Comparando los textos se ve con
claridad que las leyes, las ordenanzas y los proyectos de ley de salud reproductiva son
copia de los proyectos modelo provistos por las ONGs tales como International
Planned Parethood Federation (IPPF). (En la Argentina, la filial de la IPPF es la Asociación
Argentina de Protección Familiar). Ese prototipo de leyes, en otros países ha
llevado a la despenalización del aborto quirúrgico.

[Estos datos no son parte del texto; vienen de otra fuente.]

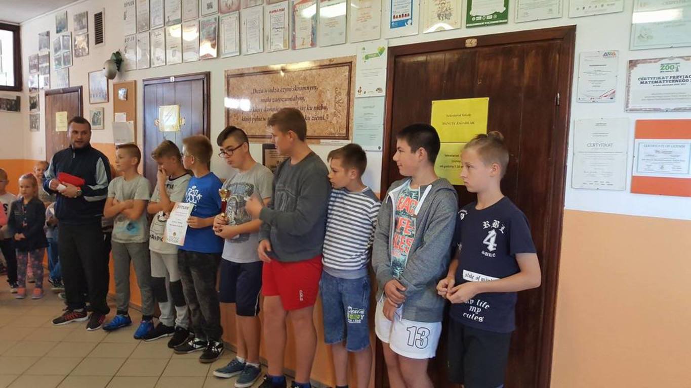 Na pierwszym apelu szkolnym, p.Miłosz Gołębiowski przedstawił laureatów letnich rozgrywek w piłkę nożną. Piłkarze pochwalili się dyplomem oraz okazałą statuetką., za co otrzymali gromkie brawa. Gratulacje!
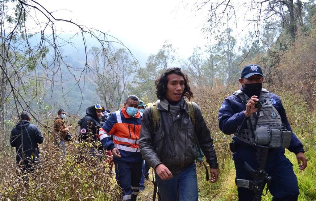 Pablo Millán de 28 años y la mascota “Maya” fueron extraídos en helicóptero, los trasladaron al helipuerto del Colegio de Policías de Tlalnepantla para realizarles una revisión más detallada.
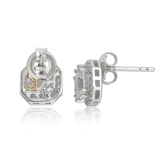 Suzy Levian Sterling Silver White Cubic Zirconia Cushion-Cut Halo Stud Earrings
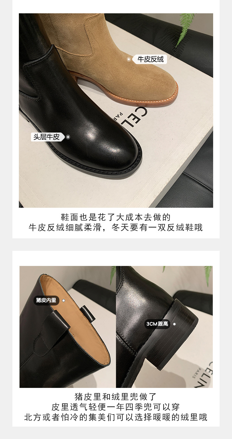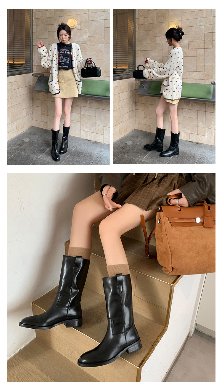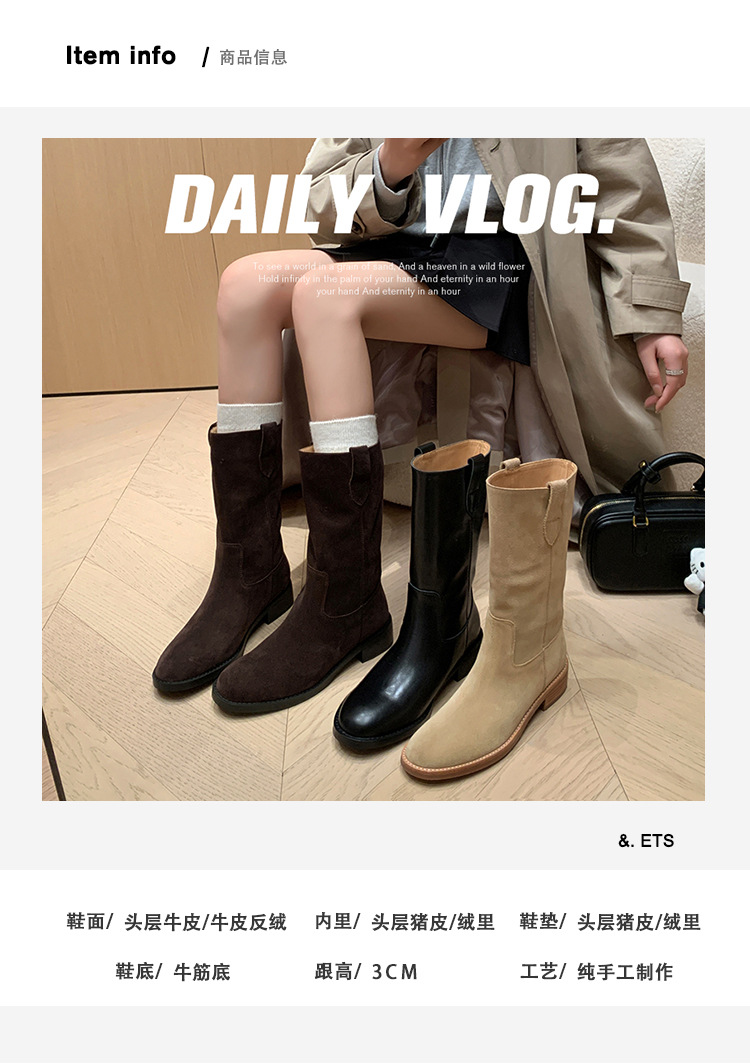 2024 새로운 순수 가죽 짧은 부츠 여성 가을 및 겨울 느슨한 스트레이트 나이츠 부츠 낮은 청키 힐 미드 부츠 올매치 웨스턴 부츠스토어 가기
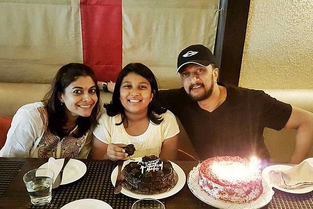 Sudeep and Priya met in 2000 and married a year later. Their daughter was born in 2004. Though Sudeep began his career with uncredited roles, he made his debut with the Kannada movie Thayavva in 1997. He stars in Kannada movies predominantly, but the star has also made a mark for himself in Hindi, Tamil, and Telugu film industries.
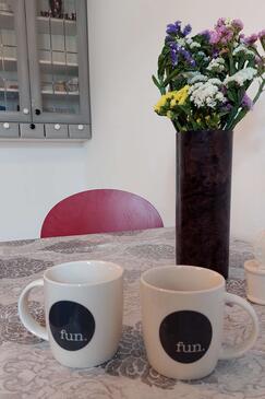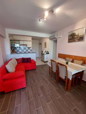 Appartamento può accogliere 4 ospiti. I letti sono disposti nelle camere da letto che sono 2, su 52m2. Gli ospiti hanno a disposizione il proprio terrazzo per godere nelle calde serate estive. Dall'appartamento si gode di una vista sul mare. Si può preparare il cibo utilizzando il barbecue comune. Arrivati nell'unità d'alloggio i clienti devono pagare un deposito (il prezzo è indicato sul sito).
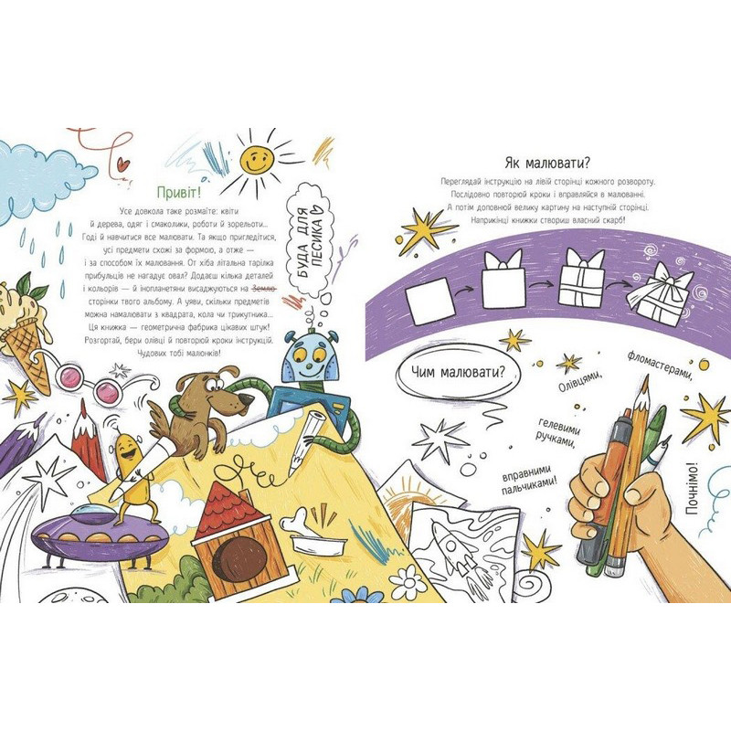 Ваш ребенок уже замечает, сколько всего интересного вокруг него? Тогда пришло время научиться все это еще и рисовать! И эта книга-раскраска покажет, что это совсем не сложно, если начинать с геометрических фигур. На страницах есть пошаговые инструкции, повторяя которые удастся нарисовать и подсолнух, и груша, и мороженое, и даже робота. Первый шаг — это всегда геометрическая фигура, которую ребенок точно уже умеет рисовать: круг, квадрат, треугольник... А когда добавить немного деталей, цветов и воображения — получается прекрасная картинка.
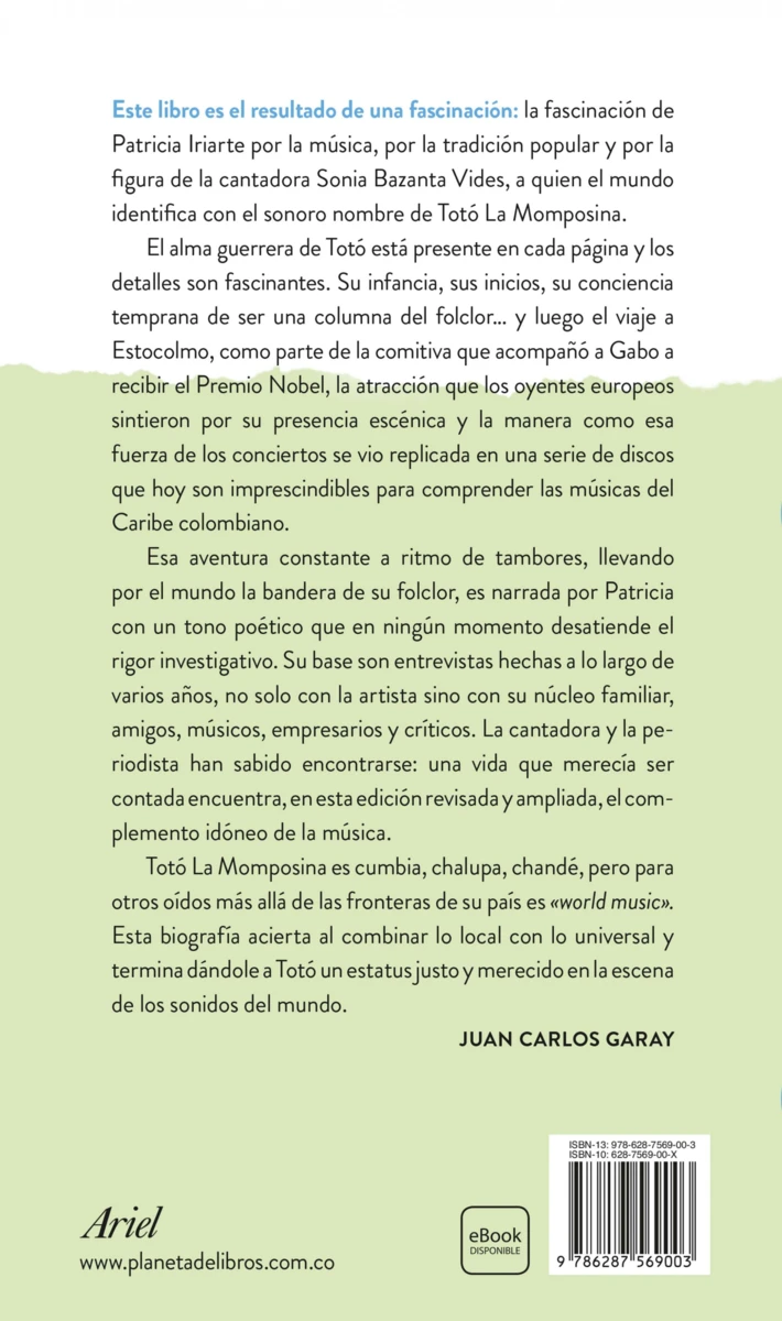 Este libro es el resultado de una fascinación: la fascinación de Patricia Iriarte por la música, por la tradición popular y por la figura de la cantadora Sonia Bazanta Vides, a quien el mundo identifica con el sonoro nombre de Totó La Momposina.
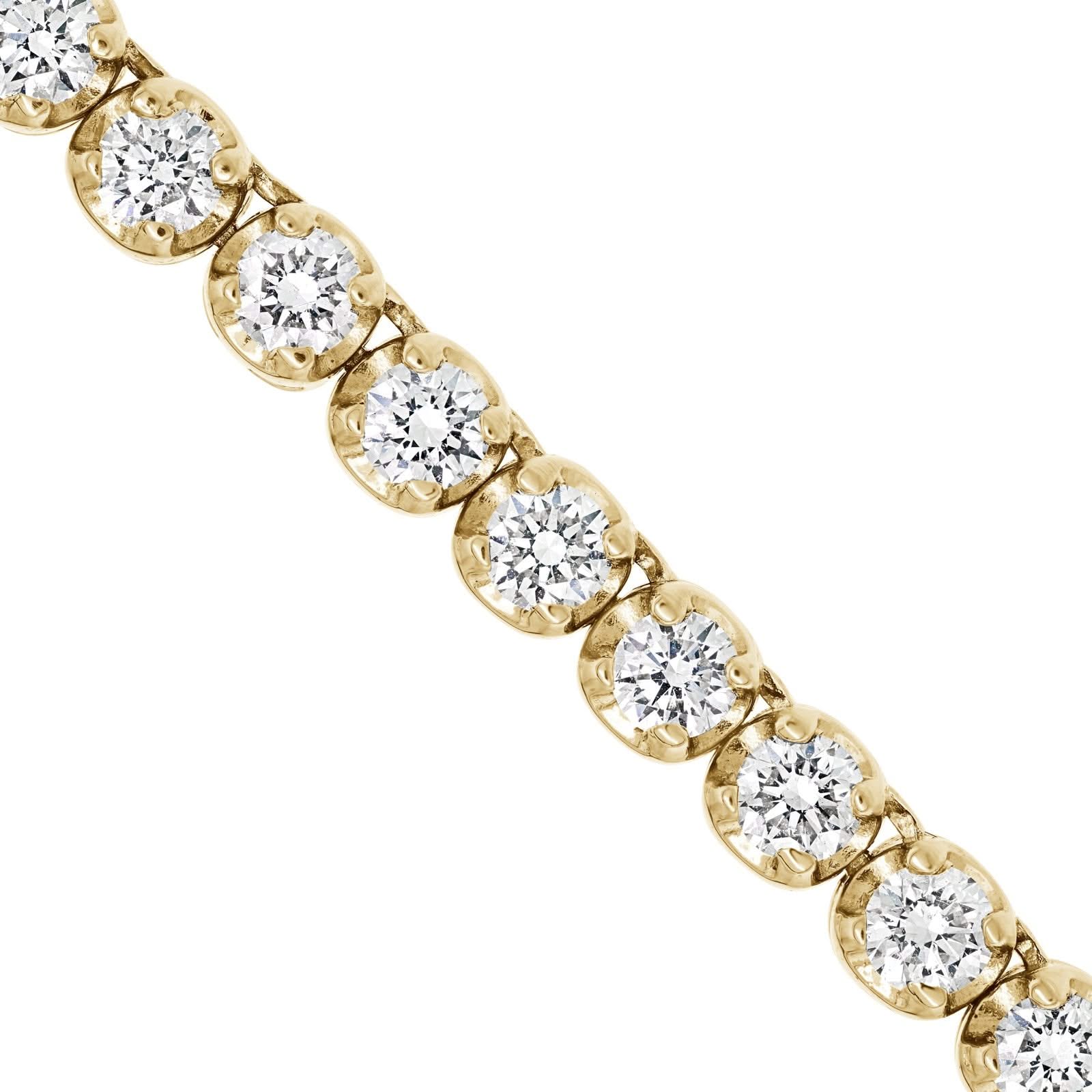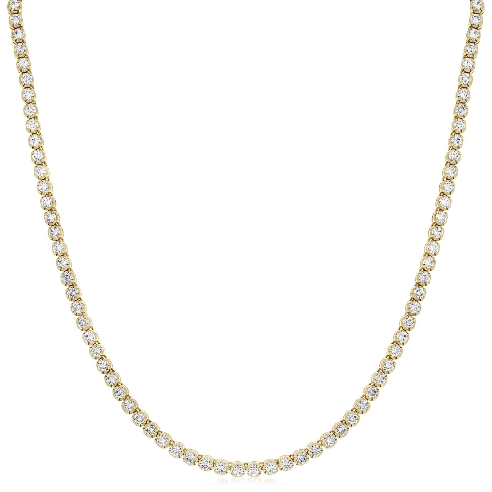 14K yellow gold 17" diamond non graduated tennis necklace from the Reis-Nichols Collection. The necklace features 110 round brilliant cut diamonds weighing over 9 1/2ctw. Pricing may vary depending on size and materials.

En todos estos textos, el Estado
juzga cuando la procreación es responsable o no. En todos, se prohibe a los médicos y al
personal sanitario ejercer el derecho humano a la objeción de conciencia, siguiendo la
abusiva resolución de la Conferencia de la Mujer de Beijing, (nuestro pais no hizo
reserva sobre ese tema). En todos, se niega el derecho de los padres a la educación
sexual de sus hijos. Y en todos, uno de los objetivos primordiales declarados es combatir
la pobreza, que tratan de resolverlo, como dijo Juan Pablo II, «prohibiendo a los pobres
nacer».
El objetivo declarado de la IPPF, y
de otras organizaciones internacionales, para el año 2000 es conseguir la
despenalización del aborto quirúrgico en los países en los que todavía rige algún
impedimento legal. "Allí dónde el acceso a los servicios de aborto sin riesgo
es restringido, las asociaciones deben mantener un diálogo positivo y trabajar con otras
organizaciones no gubernamentales o grupos dedicados (...) para promover reformas en la
ley", (10). Para imponer la contracepción, y después despenalizar el
aborto, estas organizaciones mienten descaradamente en cuanto al número de abortos
clandestinos. En la Cámara de Diputados de la Nación en 1995, se llegó a hablar de
500.000 abortos ilegales al año, lo que es estadísticamente imposible
(11).
Los obispos latinoamericanos
acusaron a la IPPF y a sus filiales de «empobrecer moralmente» a los pueblos de la
región, y denuncian que sus políticas son inspiradas por «poderosos intereses
económicos y políticos de organismos financieros y de laboratorios que buscan mercados
para sus productos anticonceptivos y abortivos», y reconocieron una verdadera
guerra química (12).
Democracia totalitaria
No cabe duda que
los textos que nos ocupan son un instrumento del imperialismo cultural que pretende
implantar un nuevo orden en el mundo y que utiliza, como una de sus armas, el sexo,
empobreciendo moralmente a los pueblos. En otras palabras, estas campañas son etapas del
plan de reingeniería social que llevan a cabo los países centrales y se enmarcan en un
proyecto de dominio universal.
El totalitarismo, según algunos
autores modernos -dice Michel Schooyans-, no se define primeramente por la vigencia de un
régimen en particular o por la ausencia de un parlamento o de un régimen representativo,
aunque estas condiciones sean irremplazables. El régimen totalitario tiene como razgo
típico el ataque al hombre en sus dimensiones físicas, psicológica y espiritual. El
totalitarismo inhibe, paraliza, congela y anestesia la capacidad de juicio personal y la
toma de decisiones libres. Se distrae la atención, se inhibe la capacidad crítica, se
retira toda responsabilidad, y la persona se convierte en irresponsable y alienada. El
totalitarismo ya no usa la fuerza física, destruye el yo.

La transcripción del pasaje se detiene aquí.